The reporting doesn't specify that distinction, but given that Chocó is at 1 percent, we're talking about regions where internet is genuinely scarce. It's not just a home connectivity problem. It's infrastructure that doesn't exist.
The seminar talked a lot about STEM and employability. Is the problem that universities aren't teaching STEM, or that students can't access STEM education because they lack internet?
Both, actually. There's a shortage of STEM professionals across the region—universities aren't producing enough. But for students without internet, the barrier comes earlier. They can't even enroll in programs that require digital access. The digital divide becomes a skills divide becomes an employment divide.
One speaker mentioned that universities are training people in the same way they always have. Is that a separate problem from the digital divide?

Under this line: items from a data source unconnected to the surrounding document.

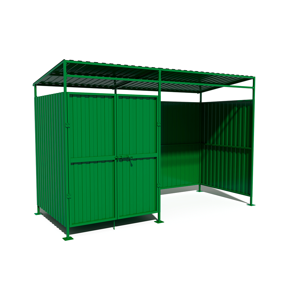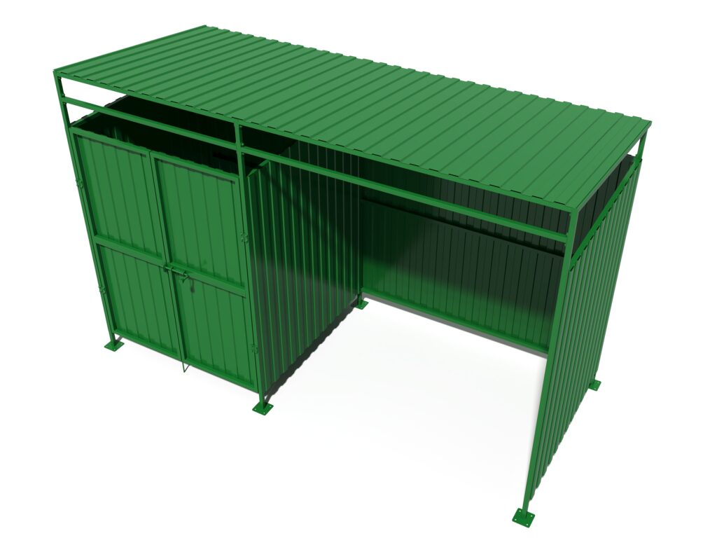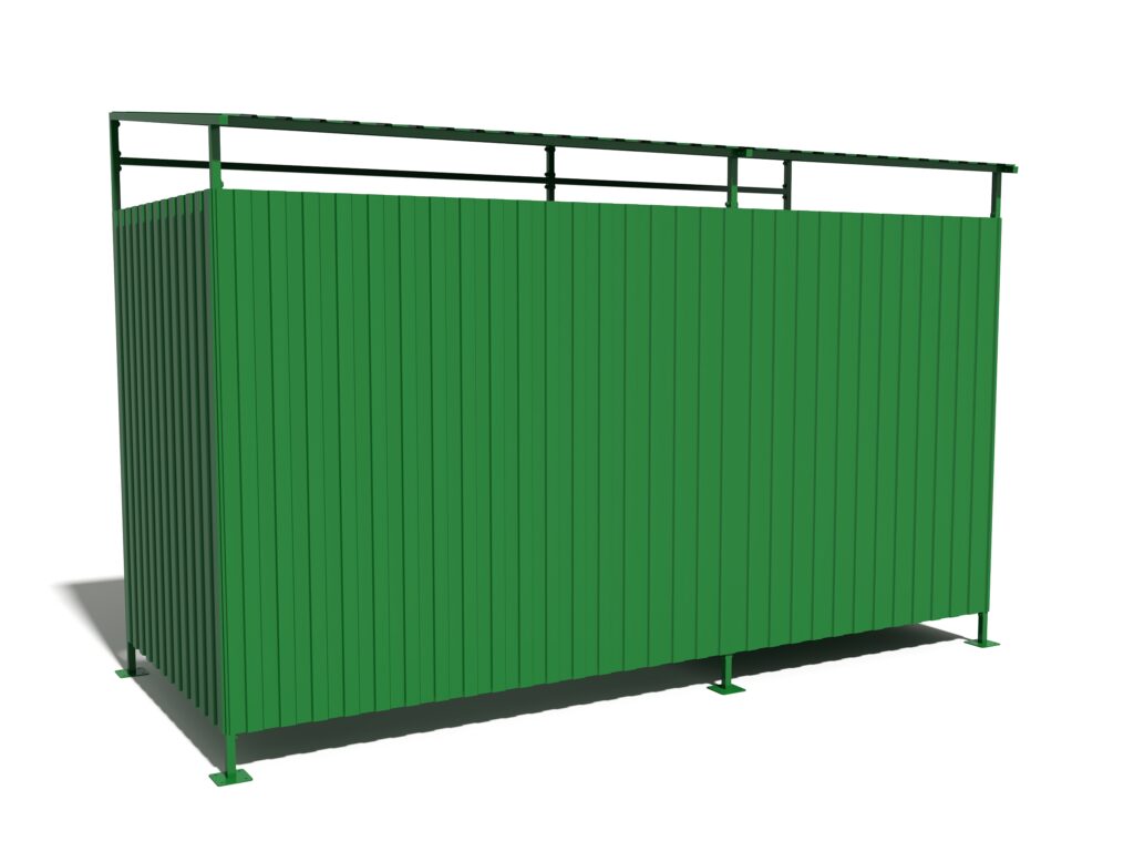 Контейнерная площадка с отдельным отсеком для КГО — удобное решение для организации современной зоны сбора отходов. Конструкция объединяет закрытое пространство для стандартных контейнеров и дополнительное отделение для крупногабаритного мусора, что позволяет поддерживать порядок на площадке и исключить складирование отходов вокруг. Крыша защищает содержимое от осадков, а продуманная конфигурация обеспечивает удобный доступ для эксплуатации и обслуживания.
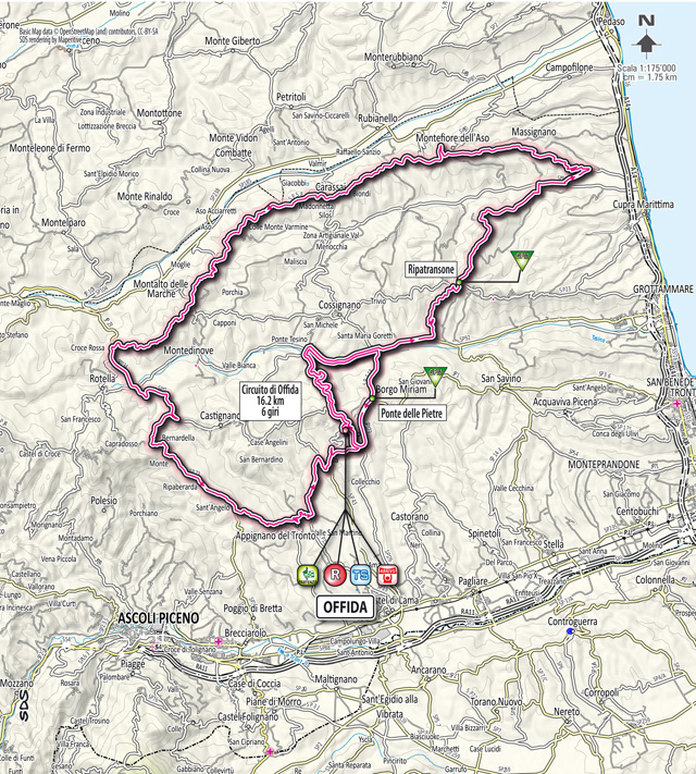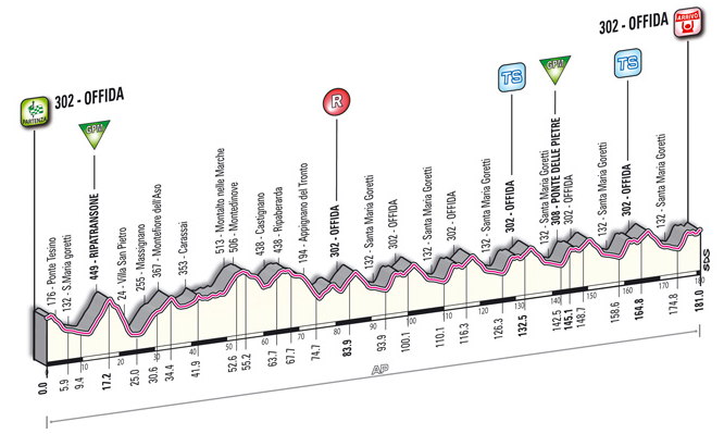 6ª ETAPA (Lunes 12 Marzo): OFFIDA – OFFIDA (181 km). Rutómetro / Salida / Llegada
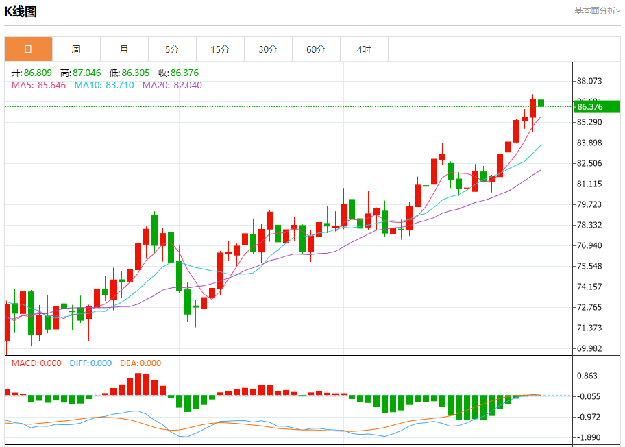 原油市场:截止北京时间20:21,美油下跌,现报86.385,跌幅0.51%。纽市盘前,原油价格从早上开始横盘。停留在87.00美元水平附近,等待聚集积极势头以恢复主要看涨趋势。目标是89.40美元的地区作为下一个主站。

It is, but they're connected. Universities that are comfortable with old methods are also slower to adapt to the reality that their graduates need different skills. The digital divide is immediate and physical. The curriculum problem is institutional and cultural. Both need to change.
What happens to the students in those three eastern departments with no universities at all?
They either don't pursue higher education, or they have to leave home to do it. That's a cost—financial, social, personal. It concentrates opportunity in cities and leaves entire regions behind.
Is artificial intelligence making this worse or better?
That's the question the seminar was wrestling with. AI could democratize education—better tools, personalized learning. But if you don't have internet, AI doesn't help you. And if universities don't redesign their programs around AI, graduates will be unprepared. So it's both an opportunity and a threat, depending on whether the system can actually change.